Natália Faria 2 de Setembro de 2019
Samuel Levy acredita que o país está a assistir a "uma onda crescente da presença judaica"
“Ser judeu em Portugal é fácil”, atira Samuel Levy, quase no fim de uma curta conversa sobre os motivos que o levaram a requerer a nacionalidade portuguesa com base na sua ancestralidade sefardita. Depois, este empresário de 57 anos, natural dos Estados Unidos, retoma o diálogo para emendar a afirmação inicial: “Fácil não é, porque obter comida kosher é mais difícil, dado que a comunidade é pequena. Mas somos aceites e não há um anti-semitismo palpável entre os portugueses. Pode-se dizer antes que Portugal é um país bom para se ser judeu.”
Descontados os antepassados portugueses, a ligação de Samuel Levy a Portugal remonta a 1983, sendo muito anterior, portanto, à lei que em 2015 passou a conceder a nacionalidade portuguesa por naturalização aos descendentes dos judeus sefarditas. “Na altura, enquanto estudante universitário, decidi ir para Coimbra, onde frequentei um curso de língua e cultura portuguesa para estrangeiros.
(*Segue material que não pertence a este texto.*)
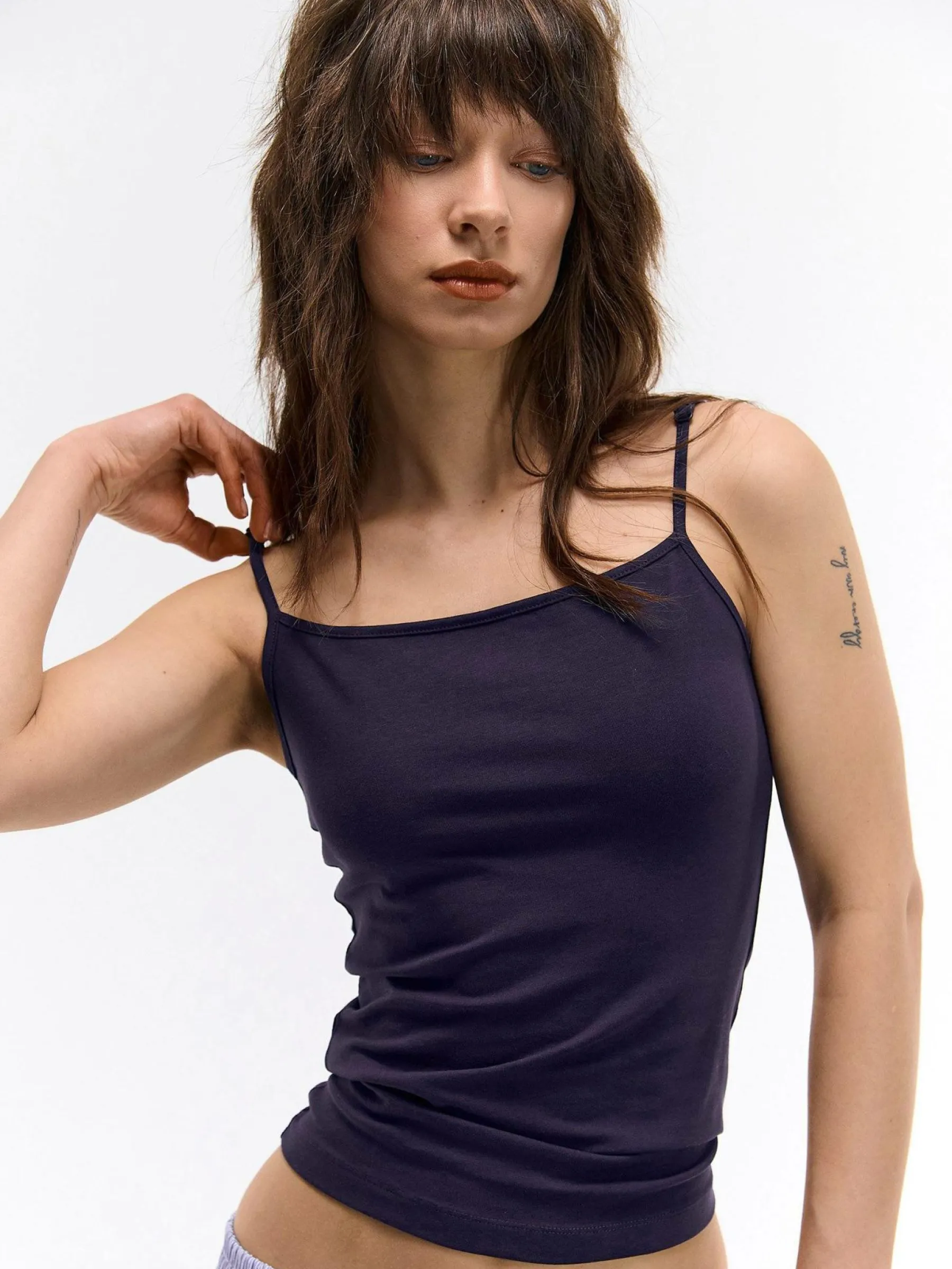 Kolor: granatowyKrój: regularTyp: podkoszulekRekaw: bez rękawówDługość: krótkiPattern style: pojedynczy kolorDeta…

Tive sempre muita curiosidade sobre o mundo lusófono, por causa das minhas tradições familiares: o meu pai já nasceu na Macedónia, mas a sua família descendia dos Maias, um nome conhecido entre os judeus portugueses, e o ladino que ele falava tinha uma pronúncia portuguesa”, recorda.
Concluído o curso de Direito nos EUA, Samuel nunca mais se desligou do mundo lusófono. De Nova Iorque, onde nasceu, haveria de trabalhar no Rio de Janeiro e depois em Moçambique, onde foi parar integrado numa missão de manutenção da paz. Foi lá que se fez empresário, no ramo da advocacia mas também no do investimento imobiliário, além de na agricultura e conservação da natureza. Adquirida a nacionalidade moçambicana, a ligação a Portugal reforçou-se quando, há cerca de duas décadas, fixou residência em Cascais e, mais tarde, procurou, com a mulher, uma casa para restaurar em Castelo de Vide e que hoje funciona como unidade de alojamento local.
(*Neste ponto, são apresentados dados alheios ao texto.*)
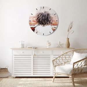 Wanduhr - Glasuhr - Ein Mädchen mit buschigem Haar am Klavier - 30x30cm - In der neuen Welt - Moderne Wanddekoration für Wohnzimmer und Schlafzimmer ARTTOR
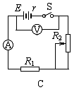 图中B为电源,R1、R2为电阻,K为电键。现用多用电表测量流过电阻R2的电流。 将多用电表的选择开关调至直流电流挡(内阻很小)以后,正确的接法是( )![]()

“Estávamos à procura de uma propriedade numa zona mais recôndita para fazermos um pequeno negócio de turismo e, quando chegámos a Castelo de Vide, a ligação foi imediata, não só pela herança judaica, que lá é muito visível, mas por ser um município que valoriza muito a sua história no geral. Eu tenho um péssimo sentido de orientação e a minha esposa até costuma gozar comigo porque o único ponto em Portugal onde sei sempre onde estou é Castelo de Vide. Nunca me perco. É como se tivesse nascido lá”.
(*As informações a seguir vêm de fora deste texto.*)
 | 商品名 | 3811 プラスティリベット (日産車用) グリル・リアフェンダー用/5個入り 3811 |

Entre Cascais e Castelo de Vide, Samuel Levy diz encontrar comunidades judaicas pequenas onde se sente em casa. “Sinto que aqui a questão da reconciliação entre a identidade portuguesa e a judaica nunca surgiria porque elas são inseparáveis. Os judeus constituem uma parte do mosaico que é Portugal e a vida judaica em Portugal não é algo que esteja na história, sem expressão contemporânea. Pelo contrário, está em pleno crescimento porque aqui os judeus se sentem muito bem-vindos: há serenidade na sociedade portuguesa, estabilidade, e as necessidades religiosas dos judeus são cada vez mais fáceis de satisfazer”.
Tudo conjugado, Samuel Levy diz acreditar que os pedidos de nacionalidade portuguesa por parte de descendentes de judeus sefarditas vão continuar a chegar a bom ritmo. “Estamos a fazer parte de uma onda crescente da presença judaica em Portugal”, resume. No seu caso, dois dos três filhos já a pediram, além de nove primos, dos quais sete já a obtiveram. Razões? “No caso dos mais velhos, são sentimentais, mas os meus primos mais novos já começaram a investigar negócios em que possam investir, nomeadamente na área informática, porque Portugal tem programadores muito talentosos e o conhecimento deles é aplicável em todo o mundo”.